> _Exercise aim_: Reproduce the records below exactly as they appear, omitting any pictures they contain.

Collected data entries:
=== Begin Enclosure ===

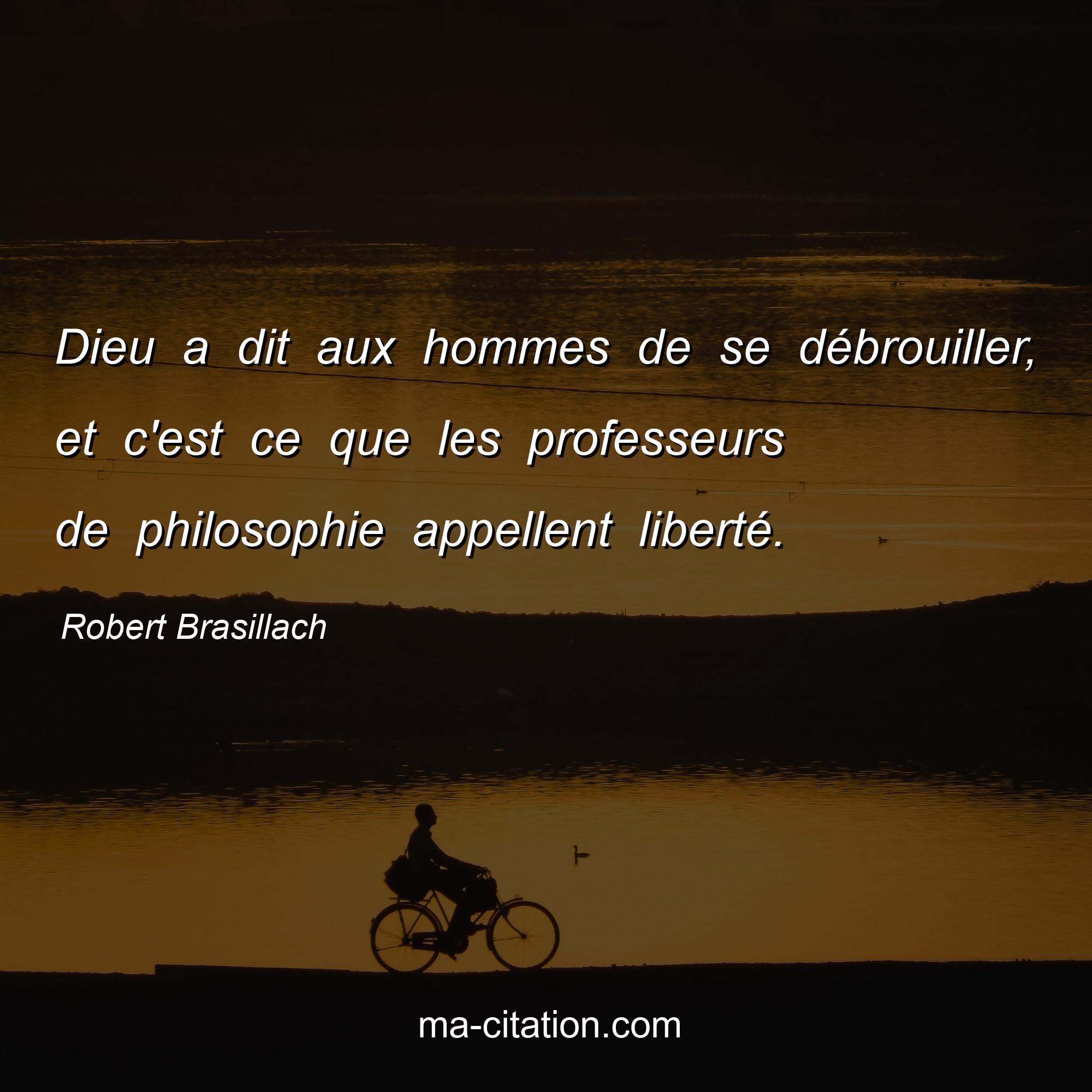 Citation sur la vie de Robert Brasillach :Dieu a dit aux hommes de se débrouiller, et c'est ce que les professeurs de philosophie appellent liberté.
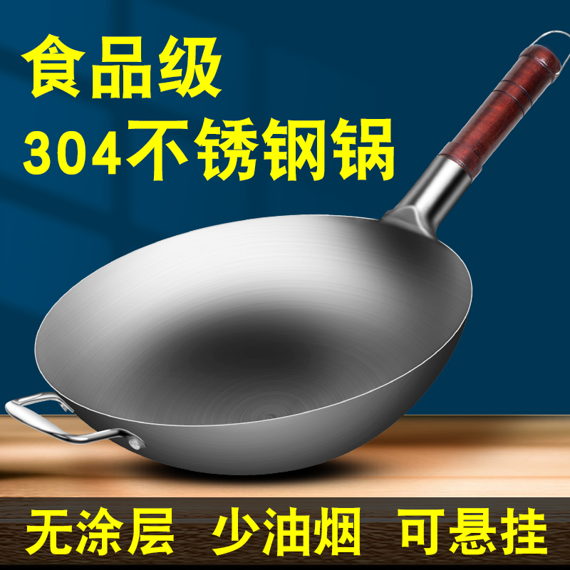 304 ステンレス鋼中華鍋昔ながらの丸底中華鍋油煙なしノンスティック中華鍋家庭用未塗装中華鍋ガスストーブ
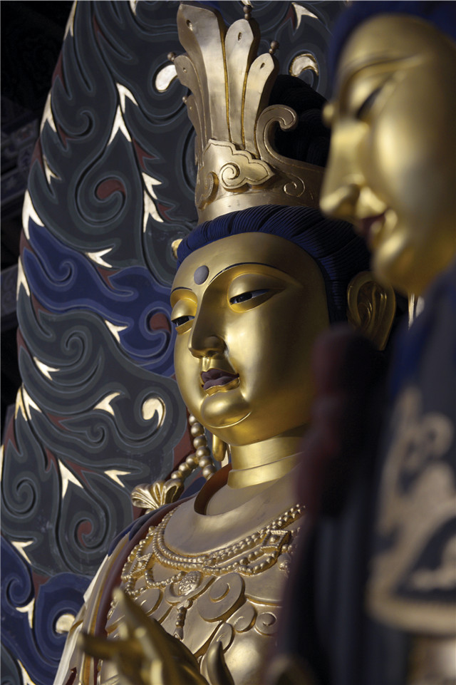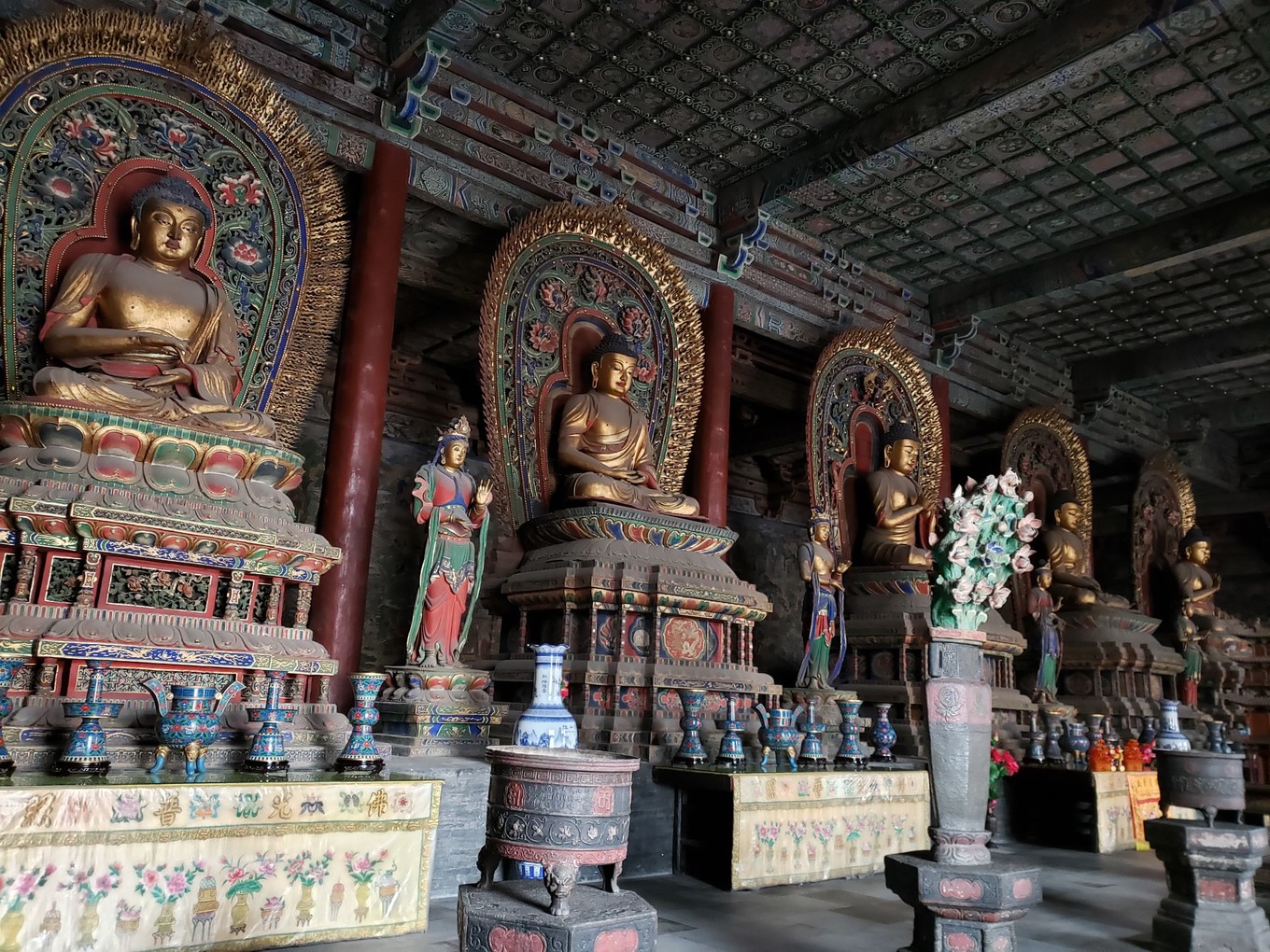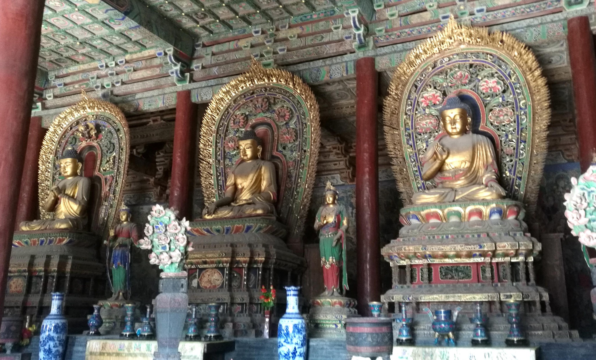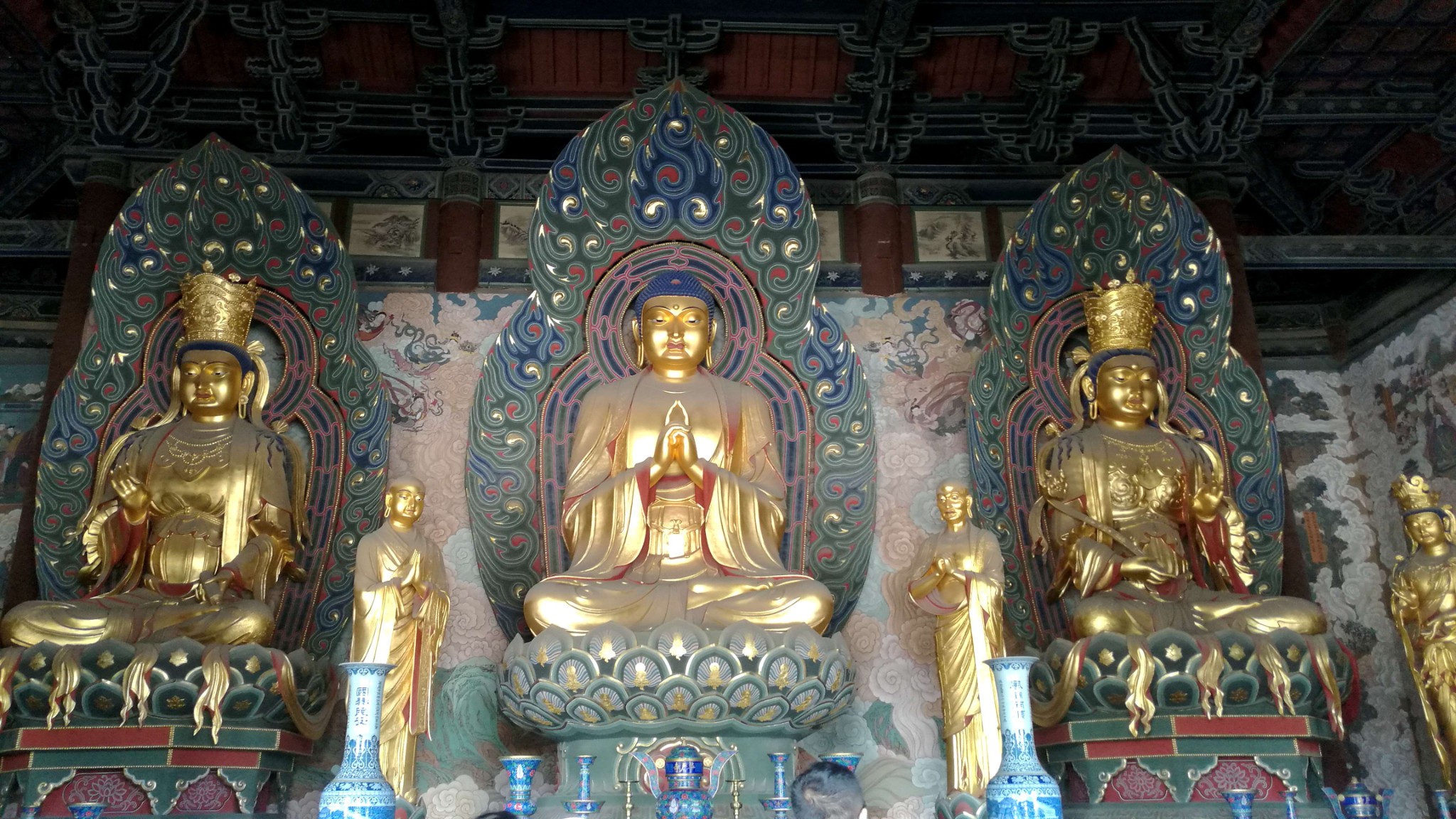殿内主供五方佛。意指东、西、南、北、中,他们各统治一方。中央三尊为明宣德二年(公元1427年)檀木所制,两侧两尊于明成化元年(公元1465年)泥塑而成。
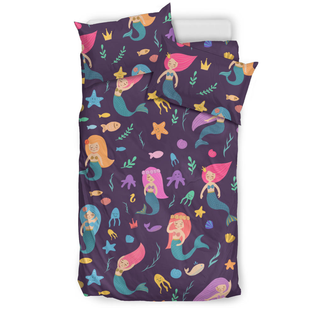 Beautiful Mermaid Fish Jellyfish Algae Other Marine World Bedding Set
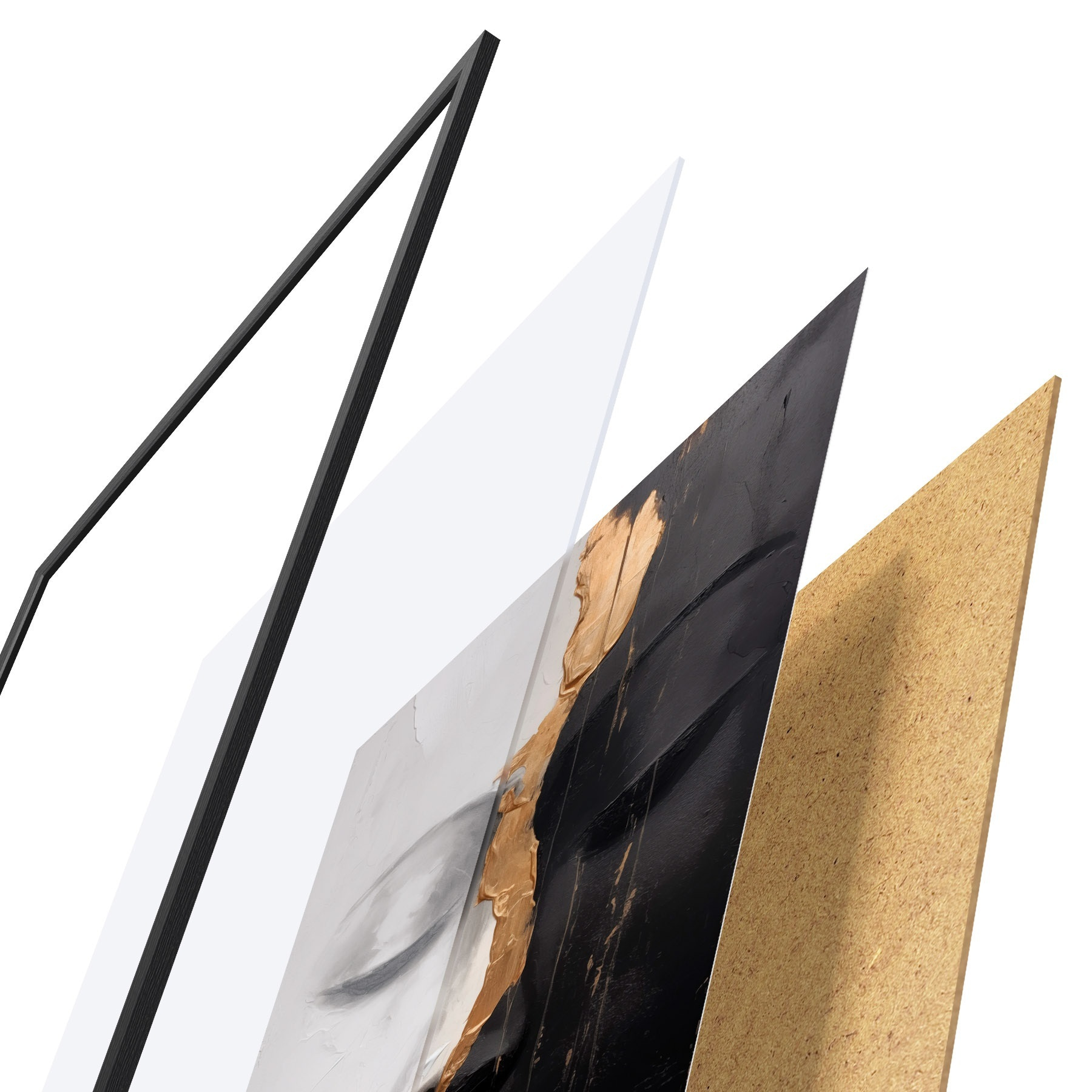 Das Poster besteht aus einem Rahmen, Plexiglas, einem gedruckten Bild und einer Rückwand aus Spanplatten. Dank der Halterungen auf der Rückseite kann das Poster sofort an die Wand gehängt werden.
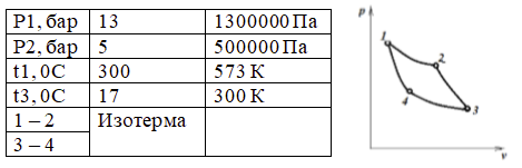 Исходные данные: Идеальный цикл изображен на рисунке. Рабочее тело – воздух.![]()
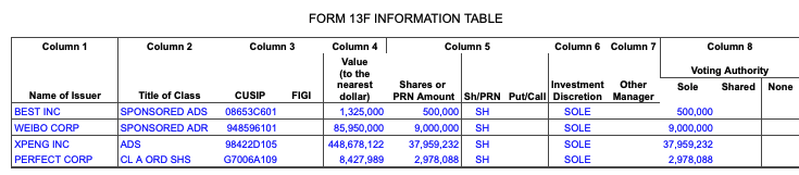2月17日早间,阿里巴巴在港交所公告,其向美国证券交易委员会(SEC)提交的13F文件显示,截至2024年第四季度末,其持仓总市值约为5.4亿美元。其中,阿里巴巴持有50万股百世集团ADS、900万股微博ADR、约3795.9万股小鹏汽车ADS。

=== End Enclosure ===

> _Reply to the exercise_:
 Citation sur la vie de Robert Brasillach :Dieu a dit aux hommes de se débrouiller, et c'est ce que les professeurs de philosophie appellent liberté.
 304 ステンレス鋼中華鍋昔ながらの丸底中華鍋油煙なしノンスティック中華鍋家庭用未塗装中華鍋ガスストーブ
殿内主供五方佛。意指东、西、南、北、中,他们各统治一方。中央三尊为明宣德二年(公元1427年)檀木所制,两侧两尊于明成化元年(公元1465年)泥塑而成。
 Beautiful Mermaid Fish Jellyfish Algae Other Marine World Bedding Set
 Das Poster besteht aus einem Rahmen, Plexiglas, einem gedruckten Bild und einer Rückwand aus Spanplatten. Dank der Halterungen auf der Rückseite kann das Poster sofort an die Wand gehängt werden.
 Исходные данные: Идеальный цикл изображен на рисунке. Рабочее тело – воздух.![]()
2月17日早间,阿里巴巴在港交所公告,其向美国证券交易委员会(SEC)提交的13F文件显示,截至2024年第四季度末,其持仓总市值约为5.4亿美元。其中,阿里巴巴持有50万股百世集团ADS、900万股微博ADR、约3795.9万股小鹏汽车ADS。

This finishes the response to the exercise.